# Jax is almost 4 yrs and rescued him 1.5 yr ago.



## rosevillegirl (Apr 8, 2016)

I've gone round and round trying to get him to eat he will for awhile and then no he turns up his nose even with cooked chicken breast etc.
I'm wondering is it possible for him to cause his periodic diarrhea just cause he's so sensitive and nervous at time? He is so smart and unique from any other dogs I've owned, but also very, very sensitive he only weighs 4.5lbs love him to death and regardless he has a forever home with me...
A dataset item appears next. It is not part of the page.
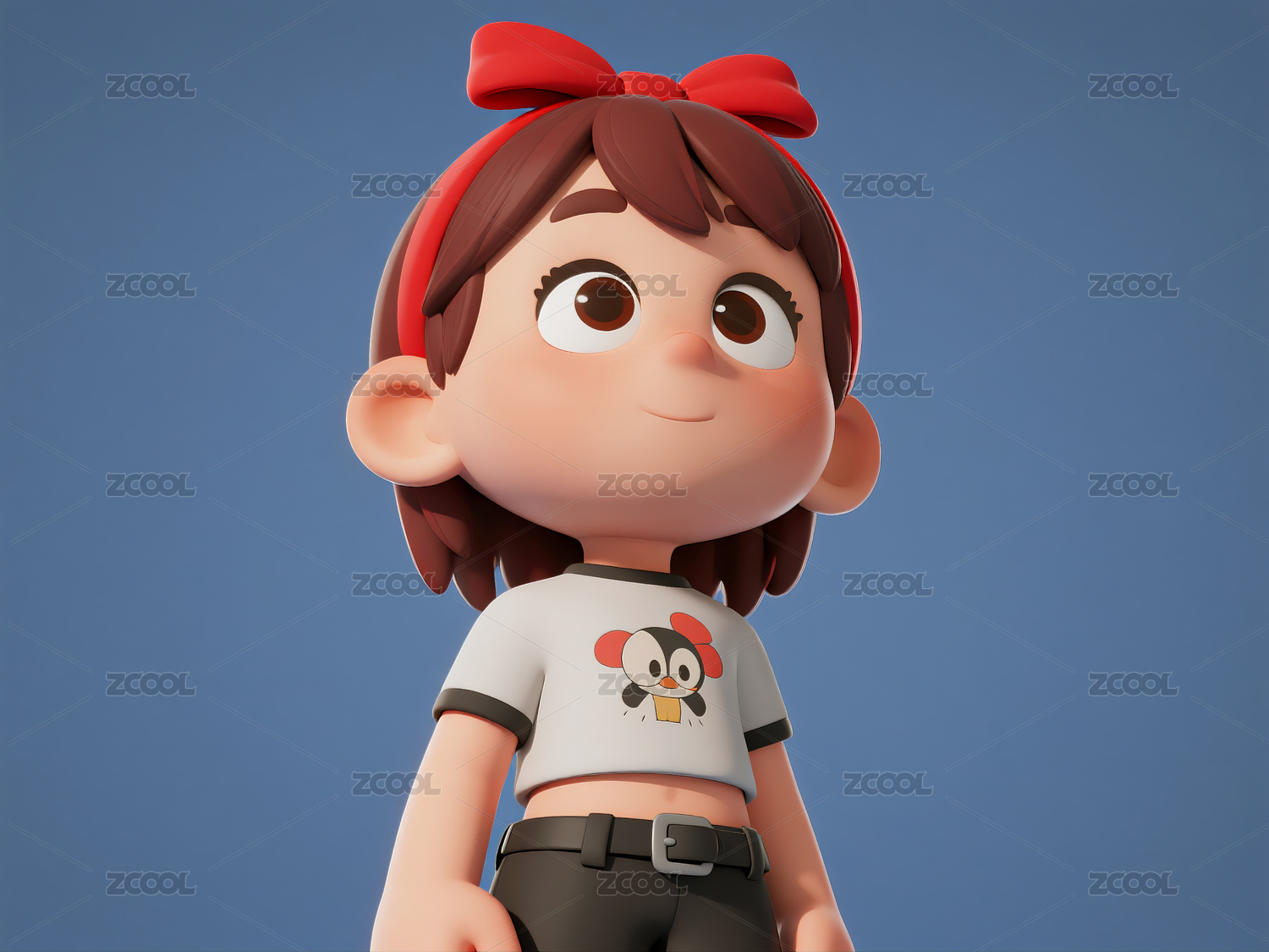 一个卡通人物穿着黄色衬衫和蓝色连衣裙特写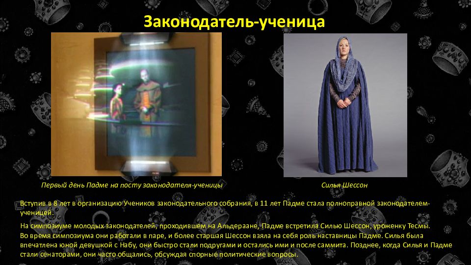 Вступив в 8 лет в организацию Учеников законодательного собрания, в 11 лет Падме стала полноправной законодателем-ученицей. На симпозиуме молодых законодателей, проходившем на Альдераане, Падме встретила Силью Шессон, уроженку Тесмы. Во время симпозиума они работали в паре, и более старшая Шессон взяла на себя роль наставницы Падме. Силья была впечатлена юной девушкой с Набу, они быстро стали подругами и остались ими и после саммита. Позднее, когда Силья и Падме стали сенаторами, они часто общались, обсуждая спорные политические вопросы. Законодатель-ученица Силья Шессон Первый день Падме на посту законодателя-ученицы

Sent from my iPad using Tapatalk


----------



## susan davis (Mar 25, 2011)

It sounds like Jax has a digestive problem. No appetite with diarrhea usually means something isn't right. If he is refusing chicken, then he really doesn't feel well!! Have you got something of a record/journal on his bouts of distress? If you record the dates of his diarrhea, you might just see something that sets him off. What do you do when he gets like this? How long does it last? How many times does he have diarrhea in a day? That all will help a vet decide what treatment, if any, is needed. I have a chi that has a loose stool every once in a while. I usually don't do any thing, except make sure she is still drinking. It is over in a day.


----------



## rosevillegirl (Apr 8, 2016)

Yes the amount is only one time with diarrhea every 2 mos
And he will eat as long as it's a treat that he loves drinks water fine also but he is very high strung and when this happens he knows he's made a mess and I assure him it's ok maybe the behavior is a reason he ended up at the spca.


Sent from my iPad using Tapatalk


----------



## susan davis (Mar 25, 2011)

I think this is probably 'idiopathatic' diarrhea. Meaning there can't be a real diagnosis. It just happens. I would just ignore him as you clean up the mess. Don't make noises, like 'Oh its OK', or Oh dear, poor puppy. Just clean it up and go on. 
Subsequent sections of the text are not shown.